[Listed records Boundary: Start]

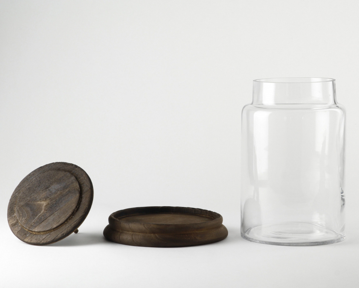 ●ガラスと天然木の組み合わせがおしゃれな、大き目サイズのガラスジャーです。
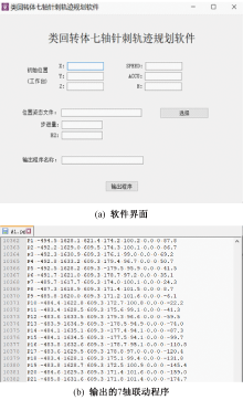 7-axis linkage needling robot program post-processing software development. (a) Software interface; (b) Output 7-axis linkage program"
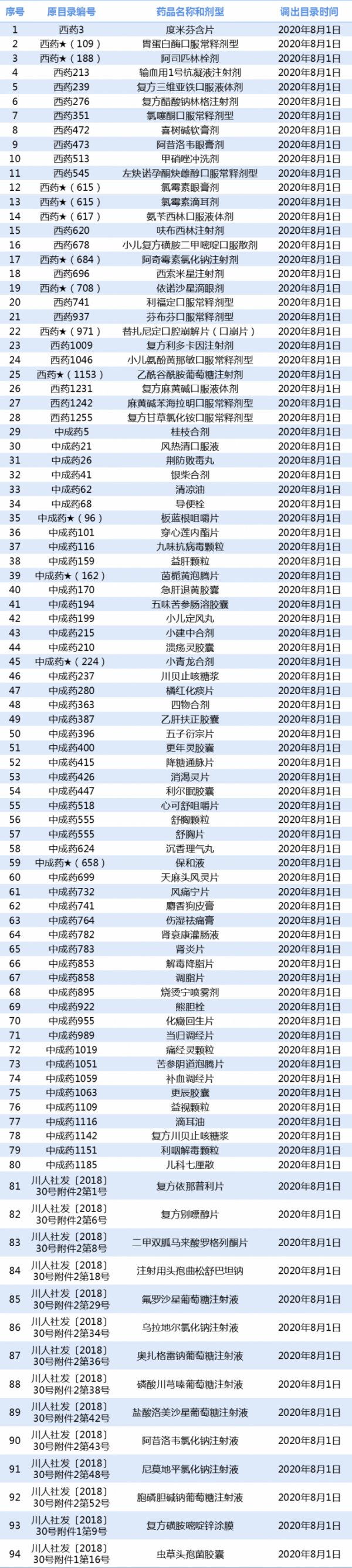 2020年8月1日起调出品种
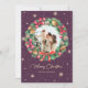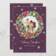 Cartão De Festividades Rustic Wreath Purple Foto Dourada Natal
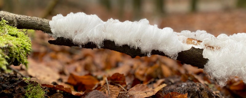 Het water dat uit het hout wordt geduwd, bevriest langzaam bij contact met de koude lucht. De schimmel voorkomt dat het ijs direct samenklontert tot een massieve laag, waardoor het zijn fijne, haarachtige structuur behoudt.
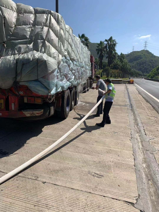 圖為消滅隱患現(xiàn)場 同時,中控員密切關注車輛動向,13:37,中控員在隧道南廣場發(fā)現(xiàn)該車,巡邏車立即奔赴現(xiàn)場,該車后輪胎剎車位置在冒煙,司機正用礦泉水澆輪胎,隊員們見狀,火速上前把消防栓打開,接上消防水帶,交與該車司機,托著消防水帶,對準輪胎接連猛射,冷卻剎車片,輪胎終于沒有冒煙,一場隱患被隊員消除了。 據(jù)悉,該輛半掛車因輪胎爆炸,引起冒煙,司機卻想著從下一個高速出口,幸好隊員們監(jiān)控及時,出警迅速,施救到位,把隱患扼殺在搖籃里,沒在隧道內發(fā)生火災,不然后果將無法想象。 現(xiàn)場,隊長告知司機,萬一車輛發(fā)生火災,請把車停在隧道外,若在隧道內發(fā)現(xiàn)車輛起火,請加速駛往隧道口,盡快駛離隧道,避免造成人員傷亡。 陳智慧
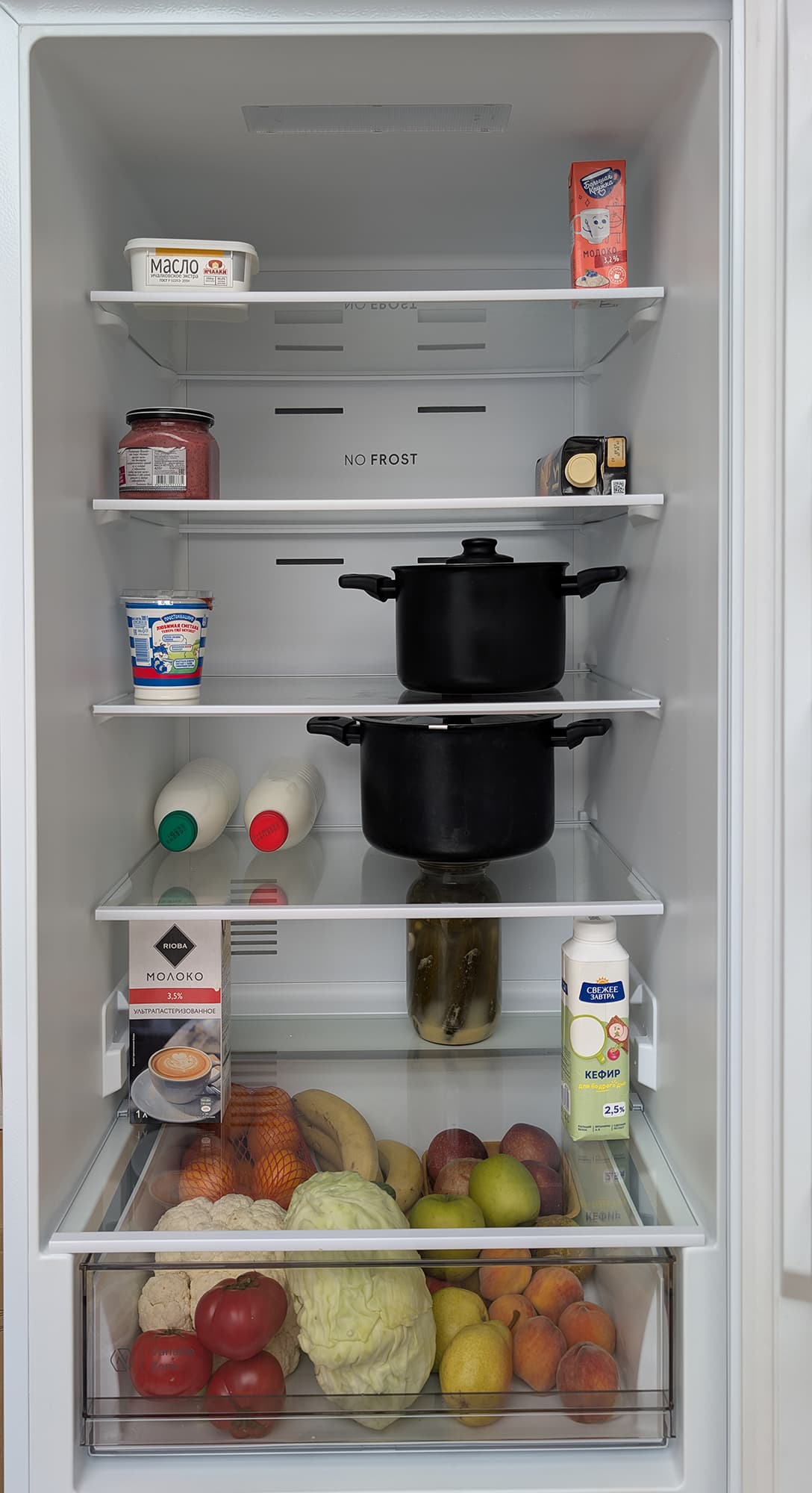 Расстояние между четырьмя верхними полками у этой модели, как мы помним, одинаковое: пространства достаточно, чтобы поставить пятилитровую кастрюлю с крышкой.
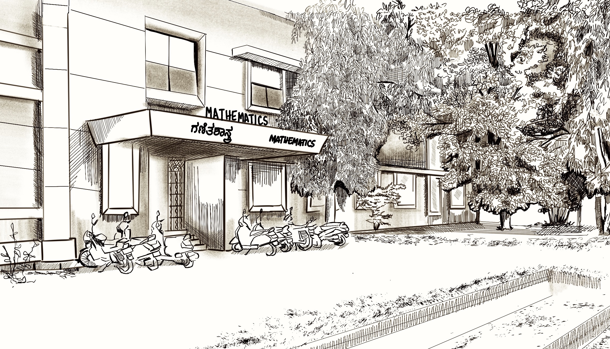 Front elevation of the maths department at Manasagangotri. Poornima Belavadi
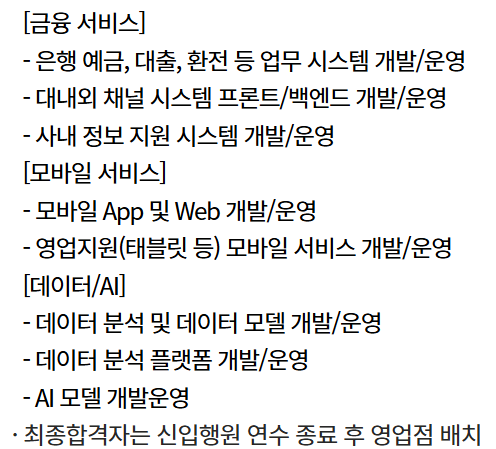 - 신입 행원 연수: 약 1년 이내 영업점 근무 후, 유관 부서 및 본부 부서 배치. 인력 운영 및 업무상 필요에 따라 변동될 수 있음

[Listed records Boundary: End]

▸ **Task directions**: Without any pictures, output exactly the lines from the start of the material through the line that contains "Cartão De Festividades", and only those.

▸ **Result below**:
 ●ガラスと天然木の組み合わせがおしゃれな、大き目サイズのガラスジャーです。
 7-axis linkage needling robot program post-processing software development. (a) Software interface; (b) Output 7-axis linkage program"
 2020年8月1日起调出品种
 Cartão De Festividades Rustic Wreath Purple Foto Dourada Natal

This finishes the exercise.